Running inference and evaluating downscaled output for CanESM5 SSP585

Use NVIDIA Earth2Studio—an open-source Python package for running AI weather and climate models—for inference. It features a CorrDiff wrapper and a CMIP6 dataset that downloads from ESGF servers robotically. The package is well extensible with custom sources and wrappers. 

Running downscaling for CanESM5 SSP585 is easy: 

import torch
import numpy as np
import xarray as xr
from earth2studio.models.dx import CorrDiffCMIP6
from earth2studio.data import CMIP6MultiRealm, CMIP6, fetch_data

# Load model
device = torch.device("cuda" if torch.cuda.is_available() else "cpu")
model = CorrDiffCMIP6.load_model(
    CorrDiffCMIP6.load_default_package(), 
    output_lead_times=np.array([np.timedelta64(-12, "h"), np.timedelta64(-6, "h")])
)
model.seed = 1 # Set seed for reproducibility
model.number_of_samples = 1 # Modify variety of samples if needed
model = model.to(device)
# Construct CMIP6 multi-realm data source, about 60 Gbs of information shall be fetched
cmip6_kwargs = dict(experiment_id="ssp585", source_id="CanESM5", variant_label="r1i1p2f1", exact_time_match=True)
data = CMIP6MultiRealm([CMIP6(table_id=t, **cmip6_kwargs) for t in ("day", "Eday", "SIday")])
x, coords = fetch_data(
    source=data,
    time=np.array([np.datetime64("2037-09-06T12:00")]), # CMIP day by day data provided at 12:00 UTC
    lead_time=model.input_coords()["lead_time"],
    variable=model.input_coords()["variable"],
    device=device,
)
# Run model forward pass
out, out_coords = model(x, coords)
da = xr.DataArray(data=out.cpu().numpy(), coords=out_coords, dims=list(out_coords.keys()))

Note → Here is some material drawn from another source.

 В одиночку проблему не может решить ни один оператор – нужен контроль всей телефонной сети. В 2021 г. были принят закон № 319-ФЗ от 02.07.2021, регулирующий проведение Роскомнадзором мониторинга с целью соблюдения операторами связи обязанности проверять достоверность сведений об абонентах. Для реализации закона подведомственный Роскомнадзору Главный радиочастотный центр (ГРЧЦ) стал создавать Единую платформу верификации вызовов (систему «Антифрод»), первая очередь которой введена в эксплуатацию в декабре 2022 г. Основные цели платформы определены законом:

This code loads the CorrDiff model and the CMIP6 datasets (atmosphere and sea ice realms), configures the experiment and variant IDs, and runs the downscaling workflow for the desired timestamps. Results are returned as xarray DataArray.

To learn more about Earth2Studio, join for the online course Applying AI Weather Models with NVIDIA Earth-2 from the NVIDIA Deep Learning Institute. 

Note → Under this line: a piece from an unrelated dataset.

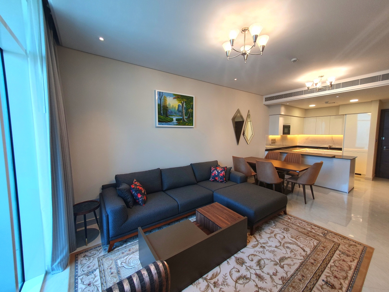 With the following facilities: Gym, Pool, Air Conditioner, Kitchen, Laundry, Equipped Kitchen, Central A/C, Including electricity, BBQ, CCTV, Balcony, Car Parking, Open Kitchen, Security System, Furnished

An image showing10-meter wind speed for 09-03-2037An image showing10-meter wind speed for 09-03-2037
Figure 1. 10 m wind speed on Sept. 3, 2037 (SSP585). The coarse input (left) misses local detail, while AI downscaling to hourly resolution (right) reveals two tropical cyclones

Figure 1 shows the model’s capabilities on a single timestamp. The left panel shows raw CMIP6 10 m wind speed at ~2.8° resolution. The proper panel shows CorrDiff output at ~0.25° resolution, revealing a hurricane within the Caribbean and a typhoon within the Pacific—neither is resolved within the coarse input. 

CorrDiff recovers these systems by detecting subtle large-scale fingerprints that correlate with cyclone presence. While ERA5 has known limitations for tropical cyclones, this result shows how fine-scale signals will be extracted from coarse climate model output. 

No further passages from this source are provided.